**INSTRUCTIONS TO FOLLOW:** Copy the data exactly; pictures stay out of the copy.

**EXERCISE DATA:**
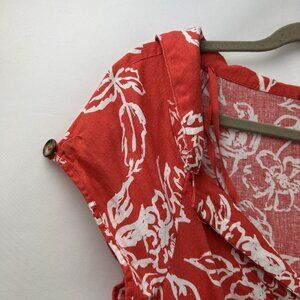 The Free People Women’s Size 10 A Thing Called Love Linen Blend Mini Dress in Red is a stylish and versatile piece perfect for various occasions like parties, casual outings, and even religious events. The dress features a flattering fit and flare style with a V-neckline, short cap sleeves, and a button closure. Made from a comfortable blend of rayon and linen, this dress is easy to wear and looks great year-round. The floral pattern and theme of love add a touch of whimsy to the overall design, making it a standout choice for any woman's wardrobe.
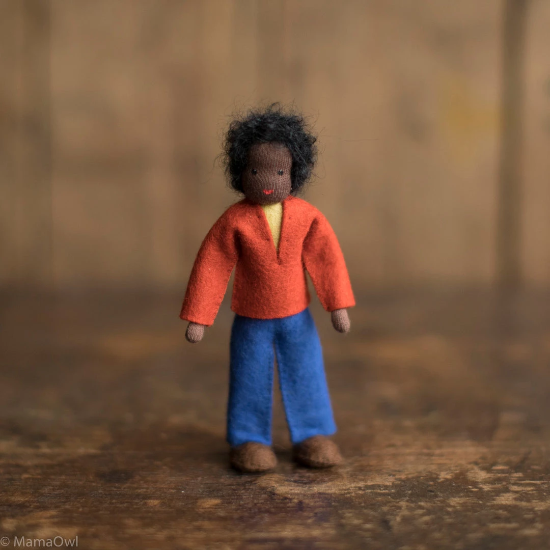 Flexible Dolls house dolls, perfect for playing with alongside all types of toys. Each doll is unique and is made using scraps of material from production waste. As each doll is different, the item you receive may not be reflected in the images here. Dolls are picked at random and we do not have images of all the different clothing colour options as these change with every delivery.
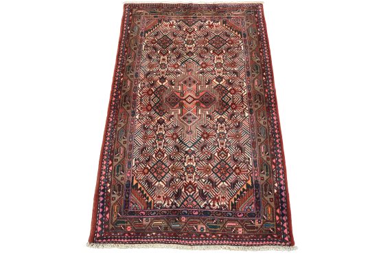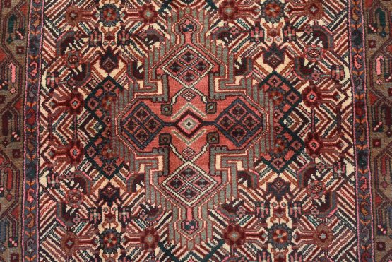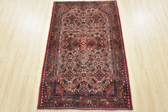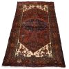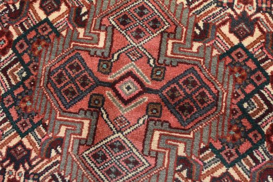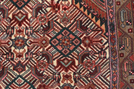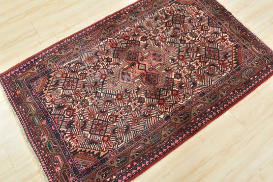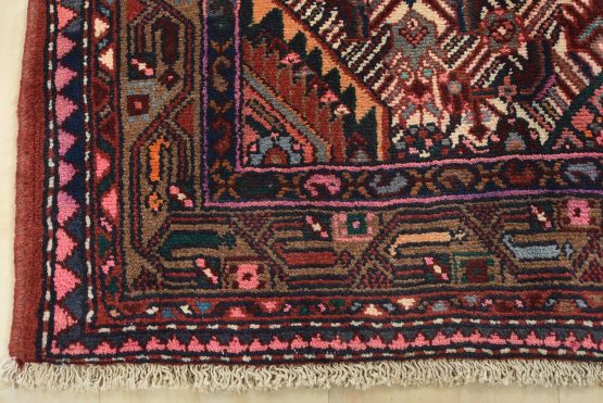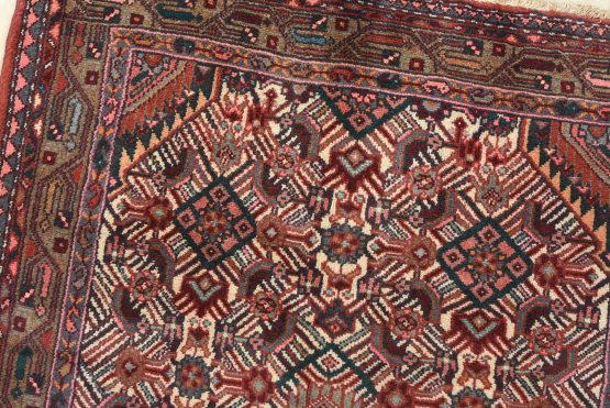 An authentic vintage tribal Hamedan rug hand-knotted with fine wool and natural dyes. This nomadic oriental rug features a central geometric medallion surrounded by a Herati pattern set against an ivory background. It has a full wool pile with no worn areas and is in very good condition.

**ANSWER TO THIS EXERCISE:**
 The Free People Women’s Size 10 A Thing Called Love Linen Blend Mini Dress in Red is a stylish and versatile piece perfect for various occasions like parties, casual outings, and even religious events. The dress features a flattering fit and flare style with a V-neckline, short cap sleeves, and a button closure. Made from a comfortable blend of rayon and linen, this dress is easy to wear and looks great year-round. The floral pattern and theme of love add a touch of whimsy to the overall design, making it a standout choice for any woman's wardrobe.
 Flexible Dolls house dolls, perfect for playing with alongside all types of toys. Each doll is unique and is made using scraps of material from production waste. As each doll is different, the item you receive may not be reflected in the images here. Dolls are picked at random and we do not have images of all the different clothing colour options as these change with every delivery.
 An authentic vintage tribal Hamedan rug hand-knotted with fine wool and natural dyes. This nomadic oriental rug features a central geometric medallion surrounded by a Herati pattern set against an ivory background. It has a full wool pile with no worn areas and is in very good condition.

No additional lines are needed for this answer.